The tech right is often seen as the most secular wing of the contemporary right. But Silicon Valley’s visions of the future have always been infused with religion. Before Kelly, there was the new media prophet Marshall McLuhan, listed on the Wired masthead in the 1990s as the magazine’s “patron saint.” Although he was circumspect about his faith in his public proclamations, McLuhan viewed electronic communications as a means of realizing the mystical body of Christ. In this, he built on the ideas of the Jesuit mystic Teilhard de Chardin, who theorized that the universe was progressing towards an “Omega Point” of divine unity. This idea anticipated and influenced—via McLuhan among others—the notion of the Singularity that has motivated so many of those working toward artificial superintelligence. Along similar lines, the “Magna Carta for the Knowledge Age,” an ostensibly secular manifesto of the digital revolution written in 1994 by Wired’s Esther Dyson and the futurists Alvin Toffler and George Gilder, proclaimed nothing less than the “overthrow of matter.”

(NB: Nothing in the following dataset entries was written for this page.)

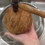 用锤子或是厚的刀背沿着椰子的赤道用力敲击,边敲边转动椰子。把椰水过滤,盛装起来。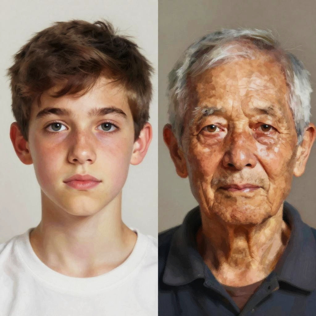 Dual portrait with an age filter effect, split screen of a teenager and an elderly person, expressive eyes, realistic skin textures, soft focus background, impressionistic style with modern digital painting techniques, warm and cool color contrasts highlighting life passage.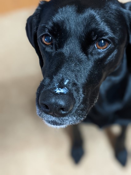 ヨーグルトのカップに鼻を突っ込んでなめた証拠(笑)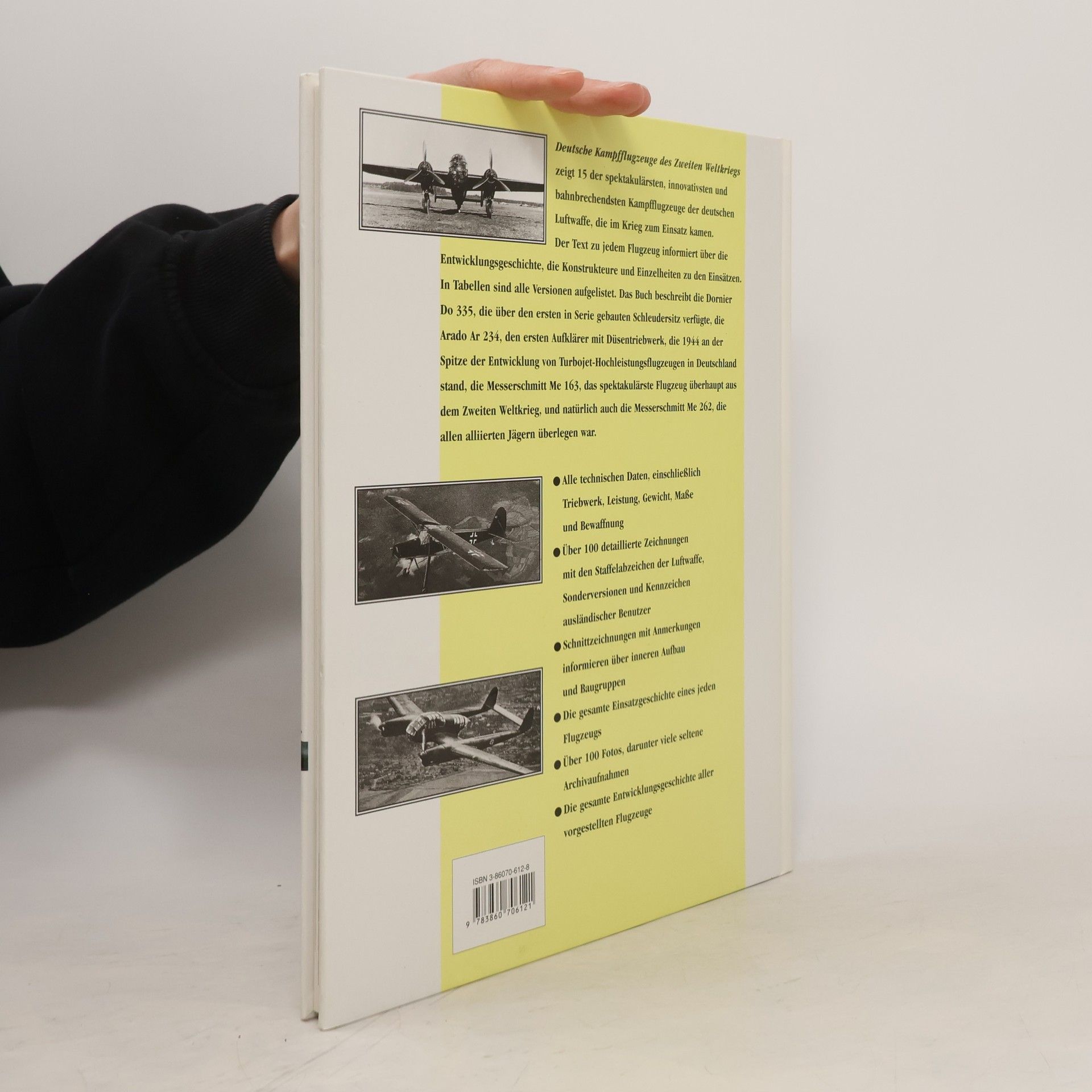 Bilddokumentation über bekannte deutsche Militärflugzeuge (Vorkriegsmodelle), darunter die Me 163, der Fieseler Storch, der Arado Blitz, die Fw 189 u.a. Keine systematische Darstellung, sondern eine Sammlung ausführlicher Porträts einzelner Modelle mit technischen Beschreibungen, Schnittzeichnungen, Fotos und Texten zu Bau, Entwicklung, Einsatz. Preiswerte, breit einsetzbare Ergänzung zur Gesamtdarstellung von R. Kosin (ID 29/83). (2) (LK/N: Pleuß)

In an earlier moment, messianic proclamations about the digitally connected future were predominantly euphoric, but in recent years they are often far gloomier, not least among those promoting the technology. OpenAI founder Sam Altman summed up the prevailing mood when he infamously declared a few years back: “I think that AI will probably, most likely, sort of lead to the end of the world. But in the meantime, there will be great companies created with serious machine learning.” On the other hand, there are also investor Peter Thiel’s much-discussed recent lectures on the Antichrist, which invert the usual terms of AI safety discussions. The real apocalyptic danger, Thiel argues, is the pursuit of safety itself, which threatens to bring about an authoritarian one-world government that will trap humanity in mediocre stasis.

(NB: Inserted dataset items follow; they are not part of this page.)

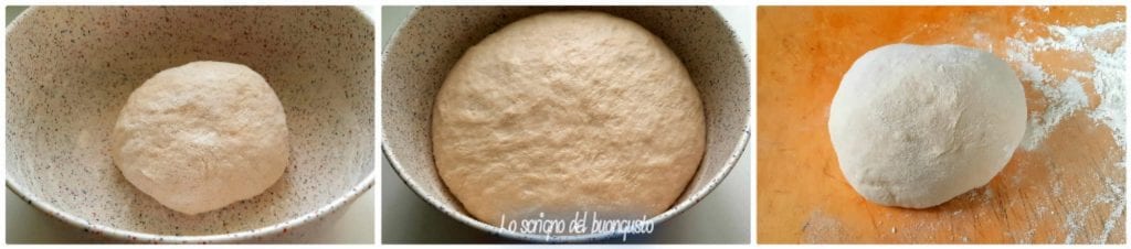 Une fois la levée terminée, transférer la pâte sur un plan de travail fariné et la travailler jusqu’à obtenir une consistance compacte mais souple.
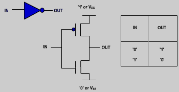The inverter is universally accepted as the most basic logic gate doing a Boolean operation on a single input variable. Figure 1.3 depicts the symbol, truth table and a general structure of a CMOS inverter. As shown, the simple structure consists of a combination of an pMOS transistor at the top and a nMOS transistor at the bottom.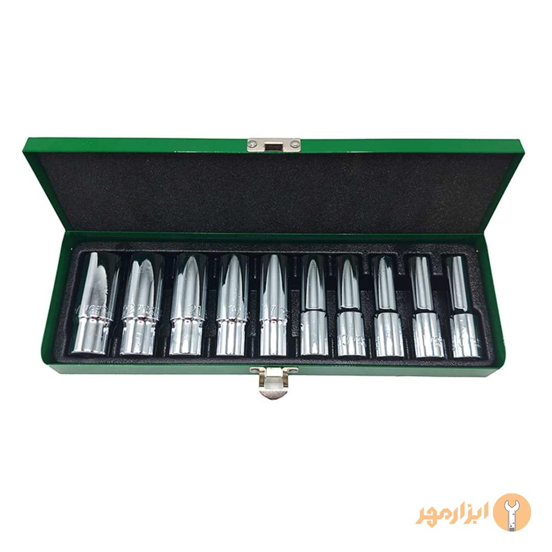 درهمین راستا این شرکت یکی از محصولات پر کاربرد خود یعنی بکس از نوع بلند و با درایو معروف 1/2 اینچ را در یک مجموعه 10 عددی و در داخل یک جعبه فلزی با کیفیت به ابعاد 313*111*88 سانتیمترجمع کرده است.

Such warnings are reminiscent of Land’s account of the “human security system” that was inhibiting technological takeoff—the function he came to attribute to the Cathedral in his neoreactionary period. When we spoke, I asked him what he made of Thiel’s lectures. Noting that Thiel’s outlook is informed by René Girard’s Christian anthropology, he told me: “I don’t think he has biblical time as part of his frame. I think it’s basically still secular historical time.”

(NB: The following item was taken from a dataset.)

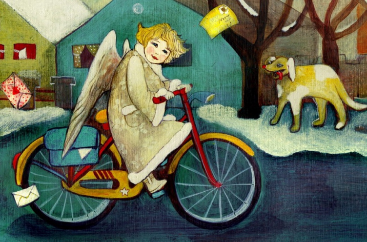 – Mert hát mit csinál egy karácsonyi angyal? Kézbesít! Ugyanazt kell tenned, amit eddig, és még egy biciklit is kapsz a cégtől! Itt van leírva, ni.

It was a remarkable statement. Thiel is a Christian; Land is not, at least in any conventional sense. But Land was telling me Thiel’s understanding of history is insufficiently providential. This was roughly what he said about Carlson’s warnings about AI, too, in his dialogue with Dugin. “The notion that God’s plan for the world can be thrown off course,” he remarked, “if that isn’t heretical, then something is really deeply wrong at the core of your religious conception.” Land’s language has evolved over the past 30 years, but his faith hasn’t wavered.